**** Extracted records ****

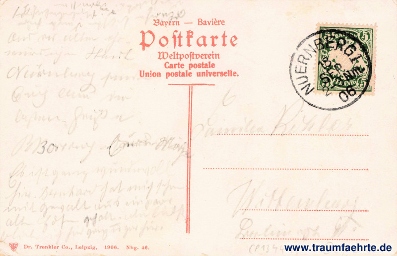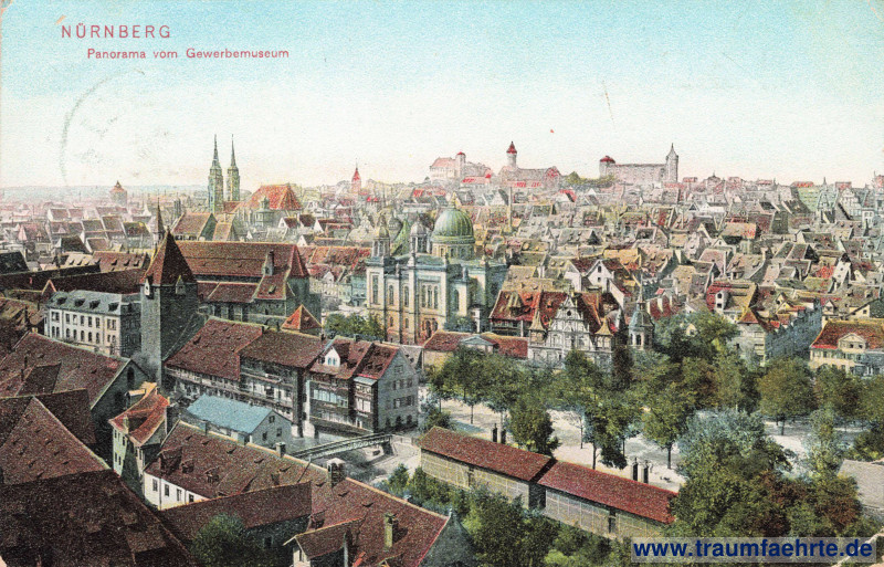 – Details – Jahr: 1906 Status: gelaufen 1906 Beschriftung vorne: Nürnberg, Panorama vom Gewerbemuseum Beschriftung hinten: Bayern – Baviére, Postkarte, Weltpostverein, Carte postale, Union postale universelle. DTCo. Dr. Trenckler Co., Leipzig. 1906. Nbg. 46. Stempel: Nuernberg 1, 18. Sep 06 2–3 Nm. Hinweis:
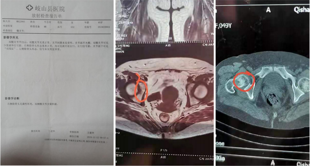 使用前:右侧无菌性股骨头坏死,髋关节积液。注射封闭针、口服消炎药均无效果。
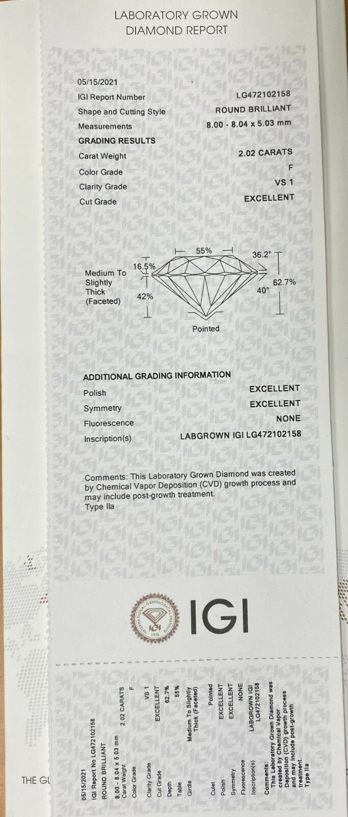 · 2,02 ct taglio rotondo cvd diamond f color vs1 chiarezza
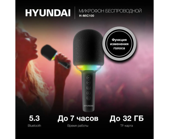 Микрофон беспроводной Hyundai H-MIC100 черный
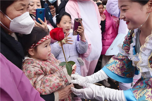 小姐姐們奮力表演,觀看的人們喜笑顏開,花車巡演吸引眾駐足觀看、拍照留念,現(xiàn)場洋溢著濃濃的節(jié)日氣息和歡樂祥和的快樂氛圍!
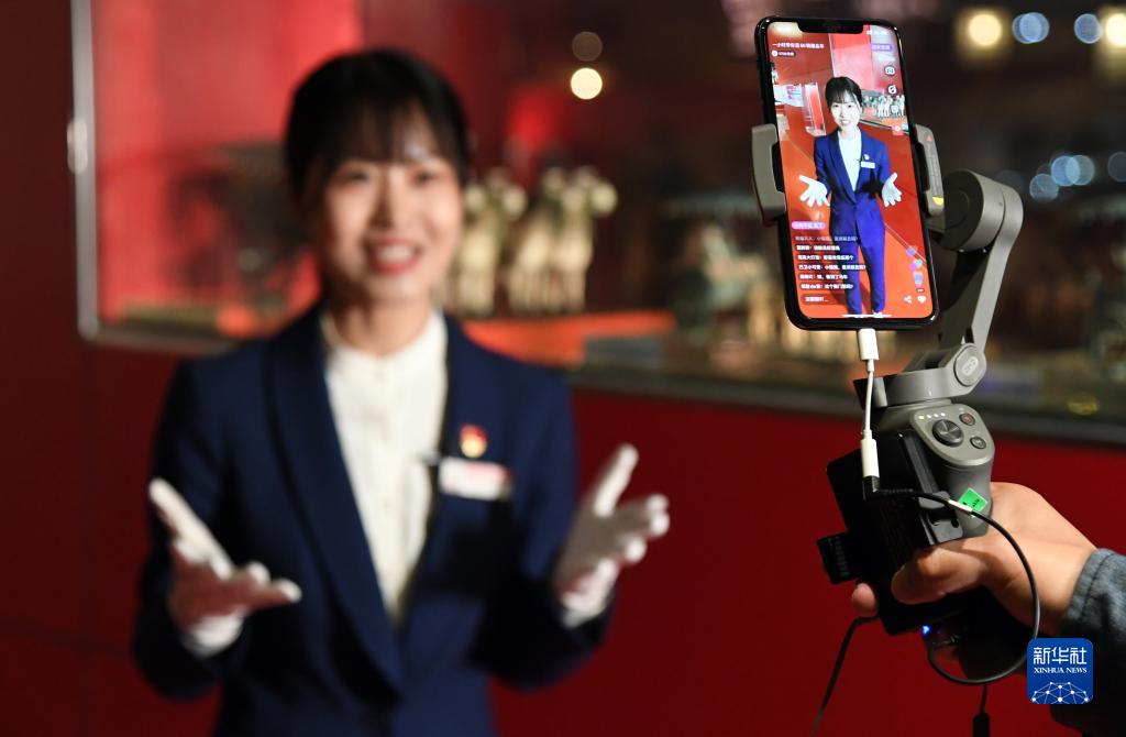 2020年4月30日,在北京汽车博物馆,讲解员曾红娟通过网络直播平台为观众介绍馆内的藏品车。新华社记者 任超 摄
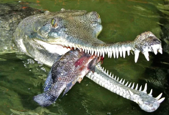 Да, с расплющенной пастью на крупногабаритных животных не поохотишься, зато для рыбы — это смертоносное оружие. Форма зубальника гавиала идеально приспособлена для того, чтобы ловить скользкую и вёрткую добычу. Со своей задачей они справляются настолько хорошо, что рыбаки нередко убивают гавиалов из-за конкуренции!
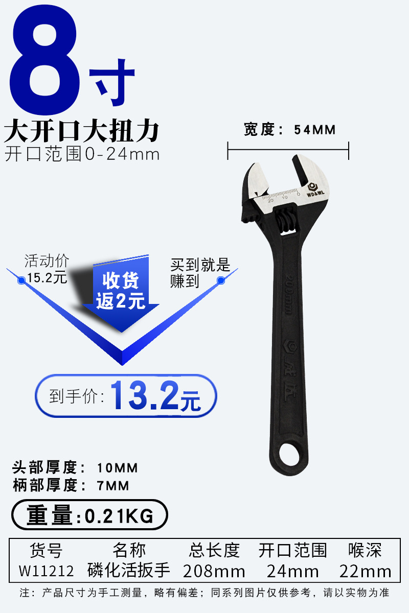 • 조정 가능한 렌치 8인치 200mm 개구부 24mm(W11103)
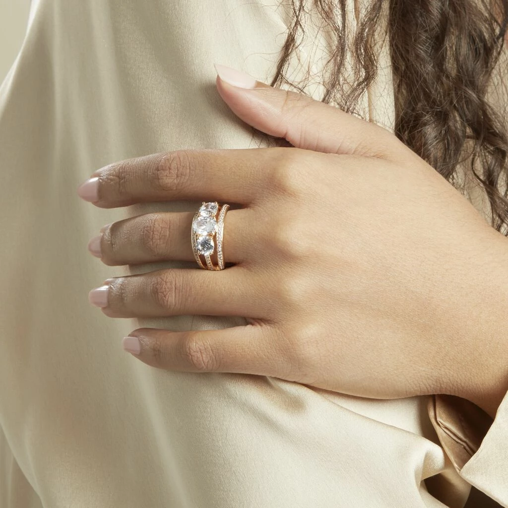 Bague Plaqué Or Jaune Trilogie Oxydes De Zirconium
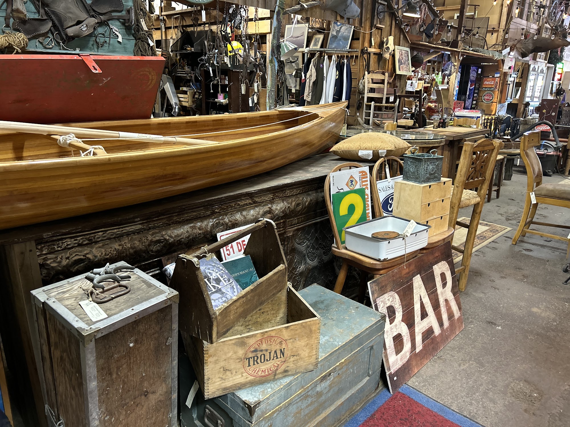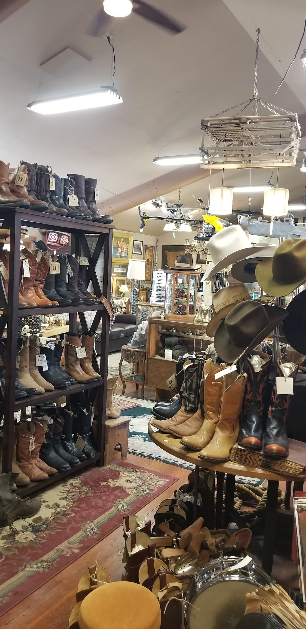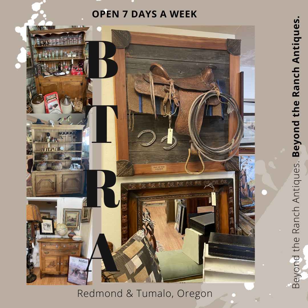 Step back in time. Come to either of our locations, better yet visit both, to experience the western lifestyle of the past. Our tremendous western and Native American art will be a great addition to any home or collection. We have an amazing array of high quality antique furniture, collectibles, architectural salvage, light fixtures, vintage clothing, western tack, cast iron, vintage tools, toys, turquoise jewelry, sterling silver jewelry and the list goes on. Come see why we’ve been selected in the top eight best antique stores in Oregon. If you have the interest, we the variety of items to meet many desires! Come see us soon and meet Drake, the number 1 store dog in Central Oregon! Happy Trails!
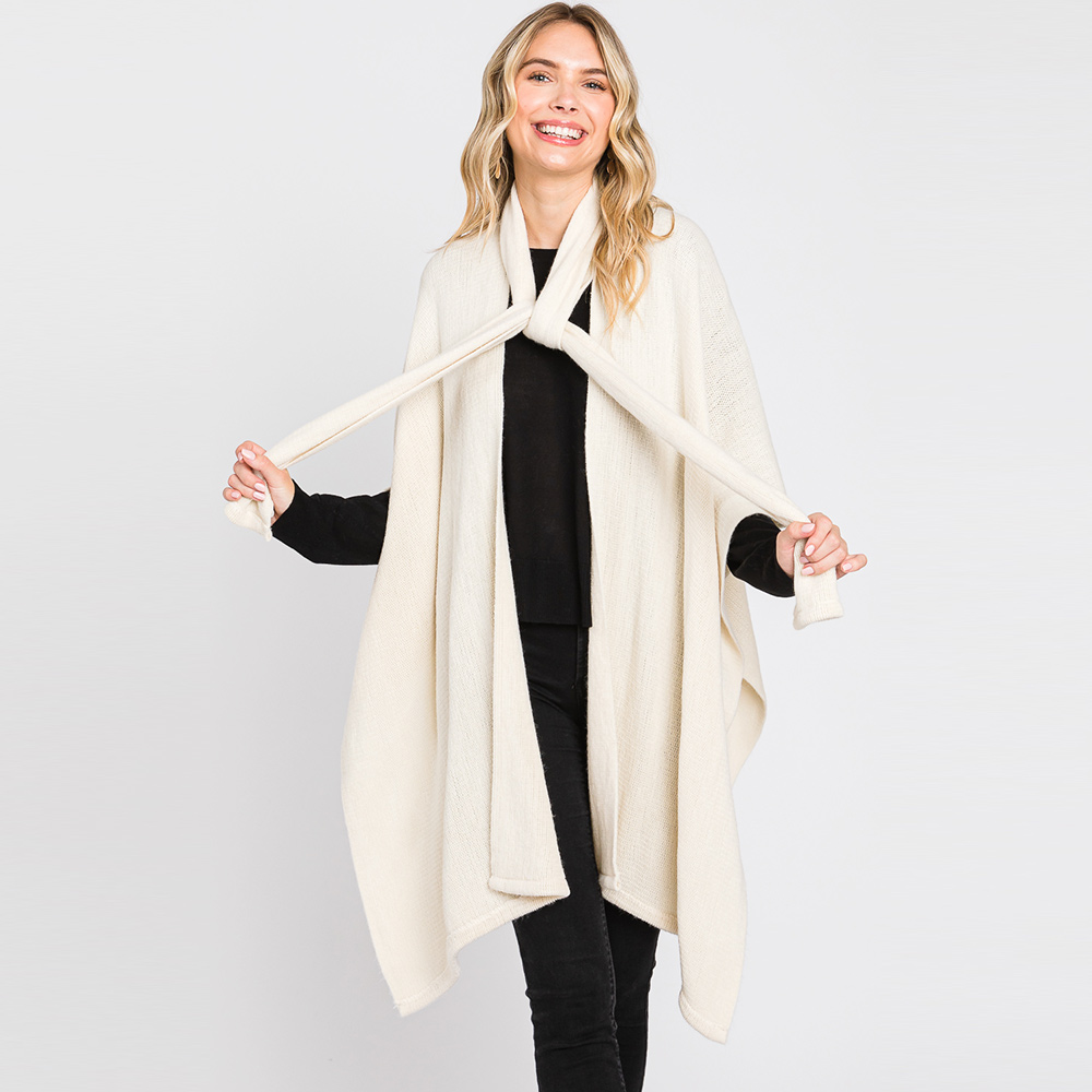 Details • Size : 37.5" X 63" • Material : 100% Acrylic • Stylish poncho wrap featuring an open front and matching scarf for added warmth and flair. Designed with a relaxed drape for comfort and elegance, this layering piece transitions seamlessly from casual to elevated looks.

****

▸ **Exercise details**:
What is needed is an exact retyping of the lines from the start of the data through the line with "Step back in", with both end lines kept and every picture left out.

▸ **Answer to this problem**:
 – Details – Jahr: 1906 Status: gelaufen 1906 Beschriftung vorne: Nürnberg, Panorama vom Gewerbemuseum Beschriftung hinten: Bayern – Baviére, Postkarte, Weltpostverein, Carte postale, Union postale universelle. DTCo. Dr. Trenckler Co., Leipzig. 1906. Nbg. 46. Stempel: Nuernberg 1, 18. Sep 06 2–3 Nm. Hinweis:
 使用前:右侧无菌性股骨头坏死,髋关节积液。注射封闭针、口服消炎药均无效果。
 · 2,02 ct taglio rotondo cvd diamond f color vs1 chiarezza
 Микрофон беспроводной Hyundai H-MIC100 черный
 小姐姐們奮力表演,觀看的人們喜笑顏開,花車巡演吸引眾駐足觀看、拍照留念,現(xiàn)場洋溢著濃濃的節(jié)日氣息和歡樂祥和的快樂氛圍!
 2020年4月30日,在北京汽车博物馆,讲解员曾红娟通过网络直播平台为观众介绍馆内的藏品车。新华社记者 任超 摄
 Да, с расплющенной пастью на крупногабаритных животных не поохотишься, зато для рыбы — это смертоносное оружие. Форма зубальника гавиала идеально приспособлена для того, чтобы ловить скользкую и вёрткую добычу. Со своей задачей они справляются настолько хорошо, что рыбаки нередко убивают гавиалов из-за конкуренции!
 • 조정 가능한 렌치 8인치 200mm 개구부 24mm(W11103)
 Bague Plaqué Or Jaune Trilogie Oxydes De Zirconium
 Step back in time. Come to either of our locations, better yet visit both, to experience the western lifestyle of the past. Our tremendous western and Native American art will be a great addition to any home or collection. We have an amazing array of high quality antique furniture, collectibles, architectural salvage, light fixtures, vintage clothing, western tack, cast iron, vintage tools, toys, turquoise jewelry, sterling silver jewelry and the list goes on. Come see why we’ve been selected in the top eight best antique stores in Oregon. If you have the interest, we the variety of items to meet many desires! Come see us soon and meet Drake, the number 1 store dog in Central Oregon! Happy Trails!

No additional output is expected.